___ Information shown ___
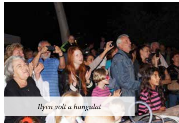
Ilyen volt a hangulat

A 2011. évi Önkormányzati Törvény képviselői munkára vonatkozó részének egyik pontja szerint „...a képviselő köteles kapcsolatot tartani a választóival, akiknek évente legalább egy alkalommal tájékoztatót nyújt képviselői tevékenységéről...”
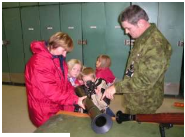
Kaitseväe külastus 2005 aastal
___
| Your instructions |
The reply should repeat the data in full, exactly as given, and contain no pictures.

| Final answer |
Ilyen volt a hangulat

A 2011. évi Önkormányzati Törvény képviselői munkára vonatkozó részének egyik pontja szerint „...a képviselő köteles kapcsolatot tartani a választóival, akiknek évente legalább egy alkalommal tájékoztatót nyújt képviselői tevékenységéről...”
Kaitseväe külastus 2005 aastal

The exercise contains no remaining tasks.